NixOS#
NixOS is a Linux distribution built with Nix from a modular, purely functional specification.
It has no traditional filesystem hierarchy (FSH), like /bin, /lib, /usr, but instead stores all components in /nix/store.
The system configuration is managed by Nix and configured with Nix expressions.
NixOS modules are Nix files containing chunks of system configuration that can be composed to build a full NixOS system.
While many NixOS modules are provided in the Nixpkgs repository, they can also be written by an individual user.
For example, the expression used to deploy a DNS server is a NixOS module.
Together these modules form the configuration which builds the Linux system as a Nix derivation.

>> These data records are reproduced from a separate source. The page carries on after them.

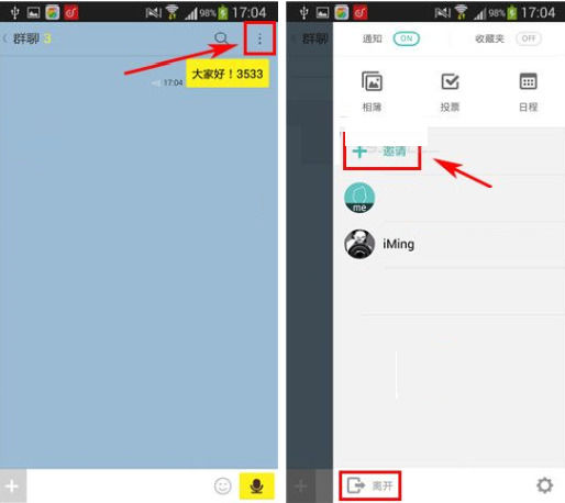 3)在群聊室中,点击【三点】,可点击【+邀请】继续添加聊天人,点击【离开】可退出该聊天室。(如下图)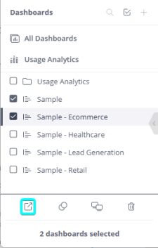 In List view, select all the relevant dashboards and click
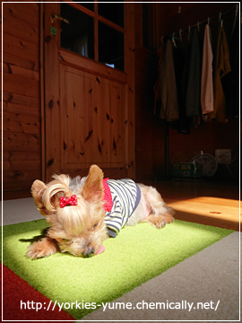 JUGEMテーマ:ヨークシャテリア ユメタン:ジリジリ 昨夜ユメちゃんの舌が やたら肉厚に見えて 「牛タンならぬユメタンだね」 なんて話をしていたんですが。 秋間近のちょっぴり寒かった今朝。 日向ぼっこをさまよう ユメちゃんの姿が見られました。(笑) あったかそう。 ジリジリ。 ジュージュー? あ、タンが焼けてんな、と 思っただけです。 すみません、ユメ先生。(笑) ■麦わら帽子状況 ・発送済...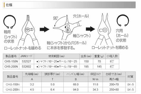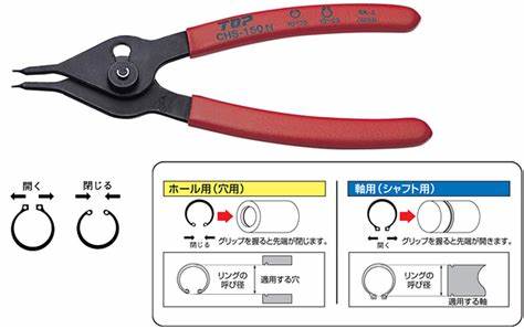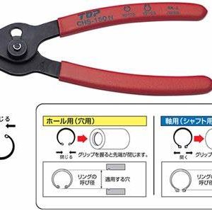 Kìm mở bóp phe mũi thẳng Top Kogyo CHS-200N là sản phẩm cao cấp đến từ Nhật Bản. Với thiết kế nhỏ gọn Chất liệu/Hoàn thiện: Thép công cụ carbon (SK-5). Một công cụ duy nhất có thể được sử dụng làm cả trục và vòng chụp lỗ. Phạm vi sử dụng vòng (mm): Trục 19-40, lỗ 19-65. Chiều dài tổng thể (mm): 195. Đường kính đầu móng vuốt (mm): 1.8. Hình dạng móng: Móng thẳng. Các chức năng có thể dễ dàng chuyển đổi bằng cách thay đổi vị trí của lỗ. Với tay cầm vinyl cứng bền. Giúp người dùng hoàn thành công việc một cách dễ dàng và nhanh chóng.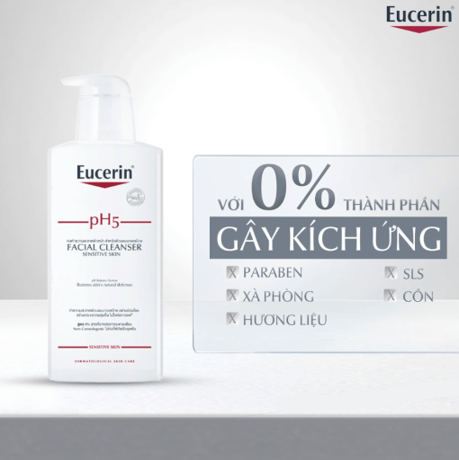 Sữa Rửa Mặt Eucerin PH5 Facial Cleanser Sensitive Skin là dòng sữa rửa mặt hoàn toàn mới được Eucerin thiết kế dành riêng cho làn da nhạy cảm, với độ pH5 cân bằng cùng công thức 0% thành phần gây kích ứng da, giúp làm sạch sâu và cải thiện da nhạy cảm.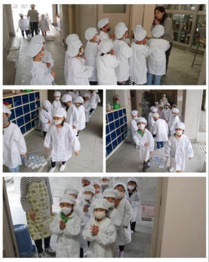 給食当番が給食室まで給食を取りに行き、重い食器もがんばって運びました。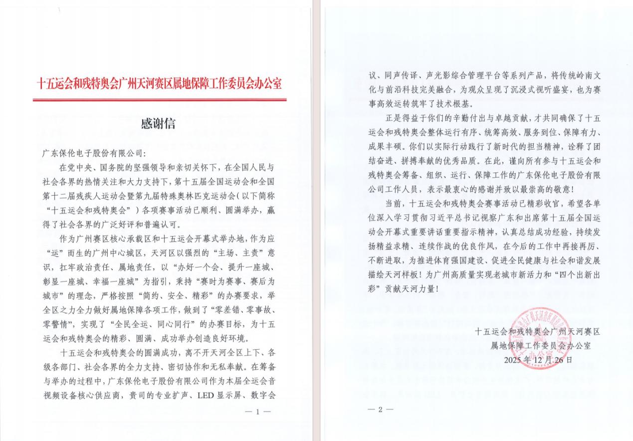 喜报!itc保伦股份收到来自十五运组委会的感谢信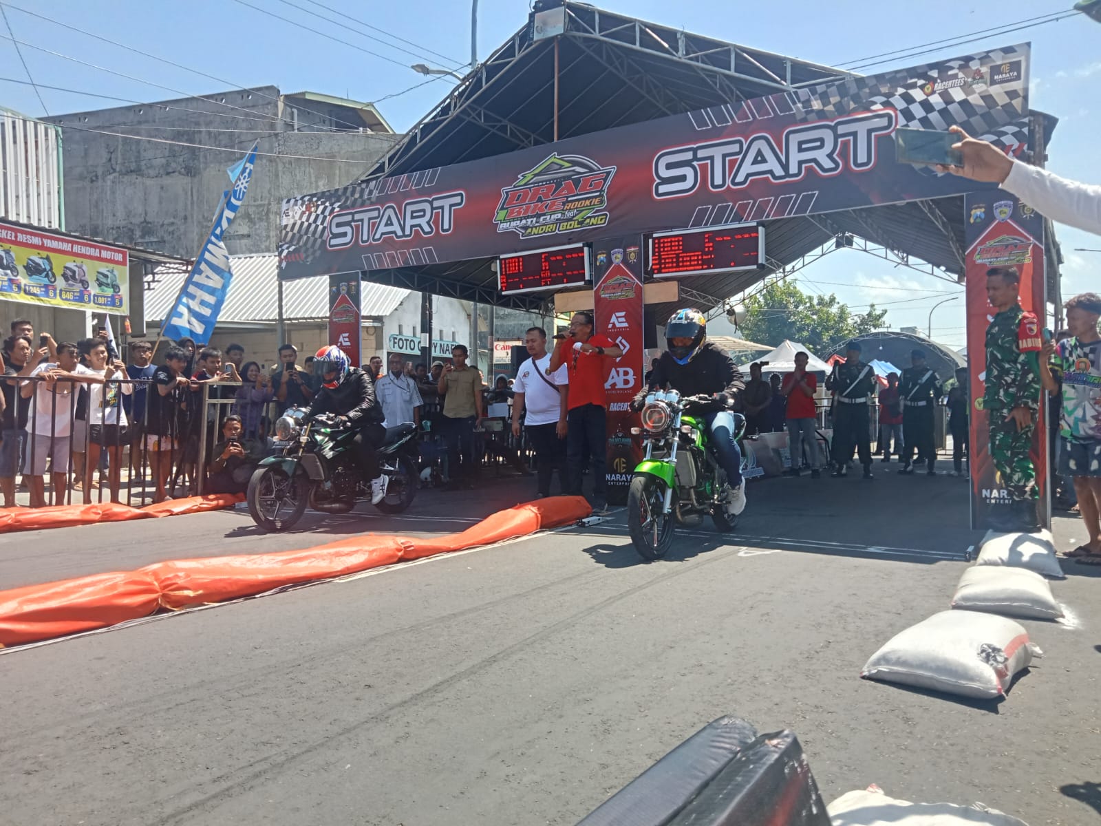 Suasana semakin semarak ketika dua motor modifikasi tampil pada sesi pembukaan. Motor tersebut digunakan secara simbolis oleh Wakil Bupati Ngawi bersama penyelenggara untuk melakukan start perdana. Desainnya yang menyerupai motor kontes semakin menegaskan nuansa hiburan dalam ajang drag bike kali ini.

NixOS minimises global mutable state that -- without knowing it -- you might rely on being set up in a certain way. For example, you might follow instructions to run a series of shell commands and edit some files to get a piece of software working. You may subsequently be unable to reproduce the result because you've forgotten some intricacy or are now using a different version of the software. Nix forces you to encode this in a reproducible way, which is extremely useful for replicating software configurations and deployments, aiming to solve the 'It works on my machine' problem. Docker is often used to fix this configuration problem, but Nix aims to be more reproducible.
Nix provides safe and reliable atomic upgrades and rollbacks. And every new system configuration build creates a GRUB entry, so you can boot previous systems even from your UEFI/BIOS.